Figure 3: USDA Logbook entry of pecan samples from Arthur Brown, Bagdad, Florida, received on Nov. 23, 1893.

Among the 38 seedling pecan trees in the Bagdad planting was one of particular size and quality. Arthur Brown exhibited specimens of the nuts from that tree at the New Orleans Exposition (1884) and Paris Exposition (1889) and won prizes for size and quality. Interest in pecans was stimulated to such an extent that Brown sent seed for planting to Durban, South Africa; Queensland, Australia; and Ghorakhal, India. At the time of his writing, Blackmon was confident that the plantings made in those countries were still in existence, based on correspondence with officials in the Departments of Agriculture in the respective countries. In the same time period, Brown sold ‘Turkey Egg’ seed to J.B. Curtis in 1886, from which the ‘Curtis’ pecan cultivar was selected (Taylor, 1907) as well as the cultivars ‘Randall’, ‘Hume’ and ‘Kennedy’ (Thompson and Young, 1985).

Arthur Brown also sent nut samples from his best trees to the USDA Plant Introduction Station, where they were described and saved. When I photographed the nut vouchers in the McKay Nut Collection, I found samples of ‘Turkey Egg Jr’, ‘Turkey Egg Sr’, ‘Repton’, ‘Ribera’ and ‘Harcourt’, all obtained from Arthur Brown in November 1893. The Log Sheet on page 86 described the evaluation of the staff, indicating that ‘Harcourt’ was “probably the best of the lot.” ‘Turkey Egg Sr.’ was the largest nut, but kernels were “a little tough… not the highest quality.”

Elliott and Curtis pecans

Pictures of the 1893 crop of nuts from Arthur Brown’s orchard are a link back the plant introductions that John Hunt made to Bagdad, Florida when he planted the nuts his servant collected in 1848.  Most pecan growers who are familiar with ‘Elliott’ and ‘Curtis’ will see similarities between Brown’s nut samples and those two modern cultivars.  Taylor’s (1907) account of the origin of ‘Curtis’ ties it to the ‘Turkey Egg’ seed sold to J.B. Curtis by Arthur Brown.  The original ‘Curtis’ from the 1906 crop of J.B. Curtis in the McKay Nut Collection is typical of the grafted cultivar being grown in orchards today.

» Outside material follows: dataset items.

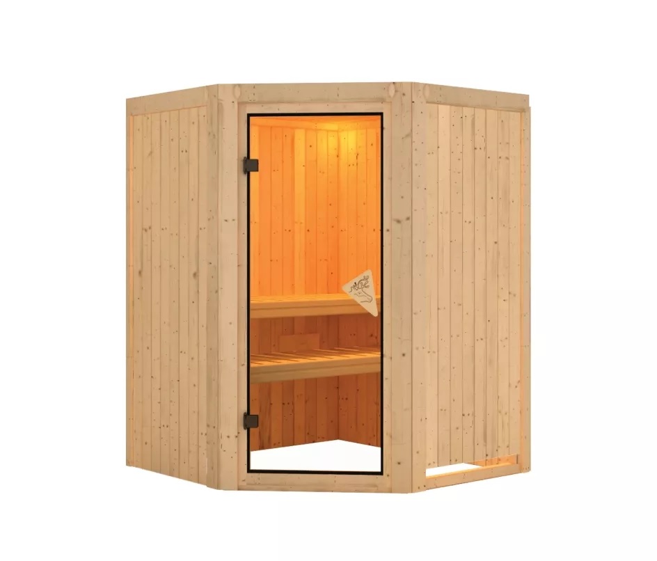 Malá finská sauna určená až pro dvě osoby. Má rozměr š 151 x h 151 x v 198 cm s rohovými dveřmi. Tento model finské sauny je určený do temperovaných interiérů domu nebo bytu. Její výrobce, firma KARIBU HOLZTECHNIK z německých Brém, dokázala svými výrobky úspěšně navázat na staletou tradici skandinávského saunování a současně do ní zapracovat dnešní moderní technologie. Sauna je celá vyrobena ze dřeva severského smrku v přírodním provedení. Dřevo pochází ze vzdáleného severu Evropy a je chemicky naprosto neošetřené (není ani namořeno ani nalakováno). V důsledku toho je prosté všech známých problematických látek, které by se v průběhu saunování mohly ze dřeva uvolňovat. Tato interiérová sauna vykazuje mimořádné tepelně-izolační vlastnosti. Stěny sauny jsou složeny z vnitřní a vnější vrstvy speciálně hlazených prken s perem a drážkou, mezi kterými je 42 mm silná tepelná izolace v podobě minerální vlny. Celková síla stěny je tak 68 mm. Zadní nebo boční nepohledové strany orientované ke stěně místnosti mají vnější stranu ze sololitu. Proto jsou při stejné tepelné izolaci o cca 10 mm tenčí než pohledové strany pokryté palubkami.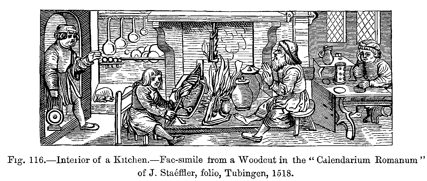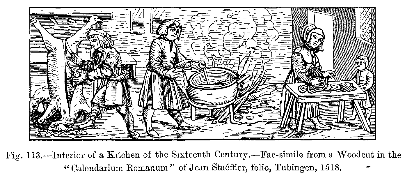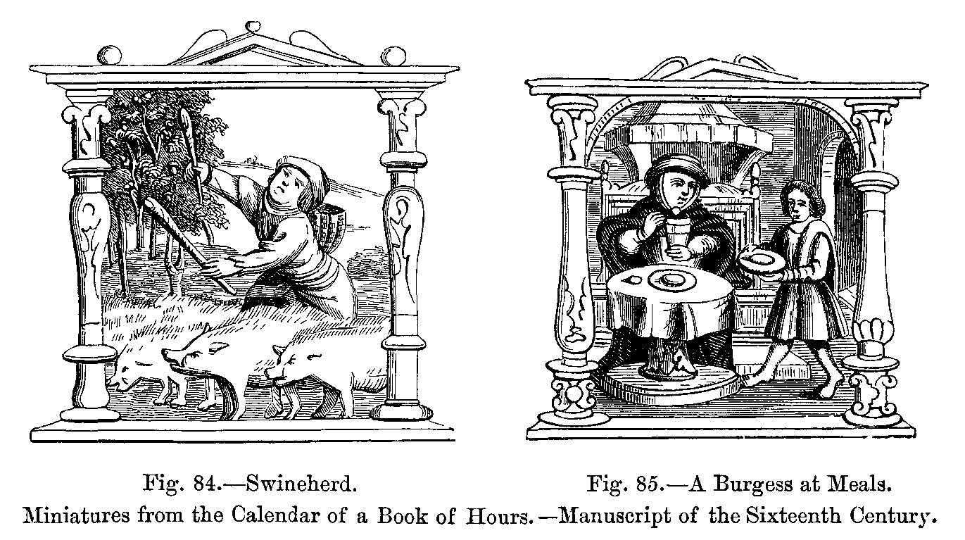History of Bread.--Vegetables and Plants used in Cooking.--Fruits.--Butchers' Meat.--Poultry, Game.--Milk, Butter, Cheese, and Eggs.--Fish and Shellfish.--Beverages: Beer, Cider, Wine, Sweet Wine, Refreshing Drinks, Brandy.--Cookery.--Soups, Boiled Food, Pies, Stews, Salads, Roasts, Grills.--Seasoning, Truffles, Sugar, Verjuice.--Sweets, Desserts, Pastry,--Meals and Feasts.--Rules of Serving at Table from the Fifteenth to the Sixteenth Centuries.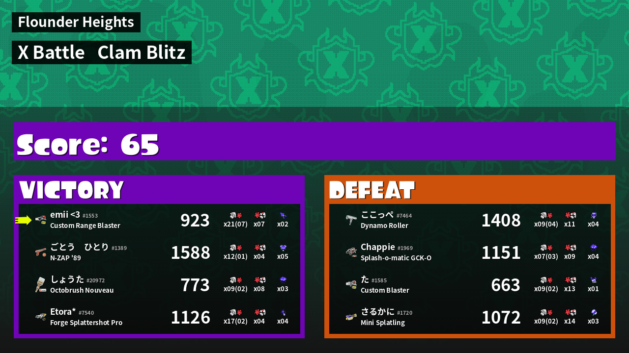 | Mode | Clam Blitz - X Battle | ||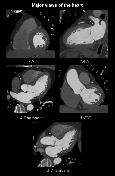 - 2D views of the heart or multiplanar reformations (MPRs): four chambers, three chambers, left ventricular outflow track (LVOT), short axis (SA) and vertical long axis (VLA).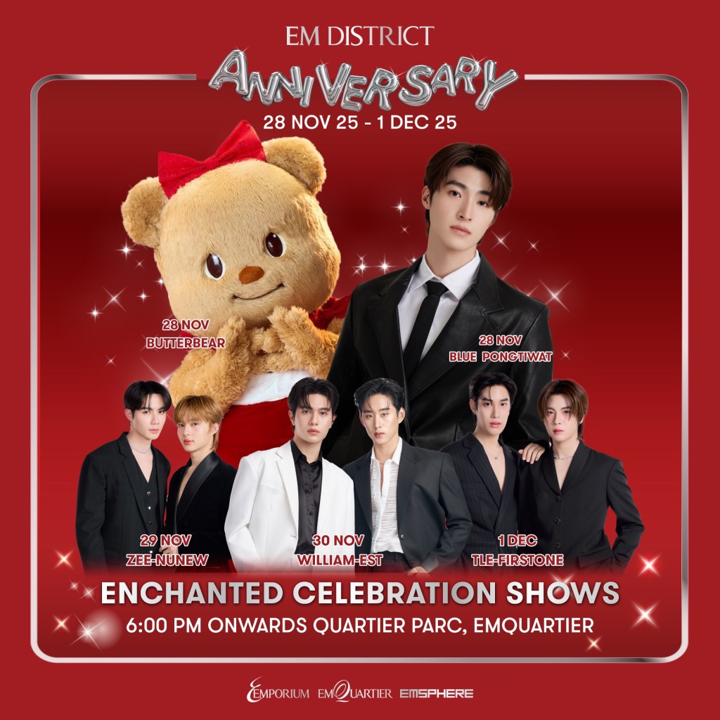 โดยมีไฮไลต์เป็นโชว์สุดเอ็กซ์คลูซีฟ “Enchanted Celebration Show” ครั้งแรกของการพบกันของน้องหมีเนย “BUTTERBEAR x บลู พงศ์ทิวัตถ์” ในโชว์สุดอลังการ เทคนิคแสงสีตระการตาฉลองครบรอบ 2 ปี เอ็ม ดิสทริค และมอบความสุขในช่วงเทศการคริสต์มาส และปีใหม่ พร้อมด้วยศิลปินชั้นนำร่วมโชว์ ได้แก่ เพียว The Voice, น้ำมนต์ ธีรนัยน์ ณ หนองคาย และอาร์ม กรกันต์ ท่ามกลางบรรยากาศแห่งการเฉลิมฉลอง ตอกย้ำการเป็น World Entertainment Hub ของย่านสุขุมวิท ในวันที่ 28 ธันวาคม 2568 เวลา 18.00 น. ณ ควอเทียร์ พาร์ค ชั้น M เอ็มควอเทียร์ พร้อมเฉลิมฉลองต่อเนื่องในวันที่ 29 พฤศจิกายน ถึงวันที่ 1 ธันวาคม ด้วนศิลปินชั้นนำมากมาย ได้แก่ ซี-นุนิว, วิลเลี่ยม -เอส และ เติ้ล-เฟิร์สวัน มอบประสบการณ์พิเศษให้ทุกคน เฉลิมฉลอง EM DISTRICT ANNIVERSARY กันอย่างเต็มอิ่ม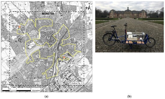 (a) City route for mobile measurements (MM) and location of stationary measuring stations MS21 and MS4.9: Map source: DTK25, 1:25,000, © Geobasis NRW 2017, DL-DE->Zero-2.0, (http://www.govdata.de/dl-de/zero-2-0, accessed on 1 November 2021). URL: https://www.bezreg-koeln.nrw.de/brk_internet/geobasis/topographische_karten/aktuell/25000/index.html (accessed on 1 November 2021); (b) Mobile station setup MM with CH4 sensor (1), GPS receiver (2), display (3) and logger box including battery (4).

The linkage between the John Hunt orchard at Bagdad, and the pecan cultivar we know as “Elliott” is more challenging but is important. ‘Elliott’ is a seedling selection made by Effie McLean Elliot, the wife of Henry Elliot. Although the family spells its name with one “t,” the cultivar became established in the industry spelled with two “t’s” as shown in Thompson and Young (1985). The tree was 2.5 feet in diameter and known for making large crops of high-quality nuts when the family purchased the property where it stood in Milton, Florida (Arnold, 1971). According to her granddaughter Pamela Elliot Reinhart, Effie was responsible for making the selection and working to have the name registered in 1912, the year that Henry died. The town of Milton is located in Township 1N, Range 28W of Santa Rosa County, near the confluence of Pond Creek and the Blackwater River where John Hunt owned land (Vickrey, 1998). The first propagation of the Elliot tree occurred in 1919 with the establishment of Harlan Farms Nursery in Paxton, Florida. The first living inventory of ‘Elliott’ established at the USDA ARS Pecan Breeding Program was grafted in 1952 to BRW 42-28 and the first crosses using its pollen were made the next year.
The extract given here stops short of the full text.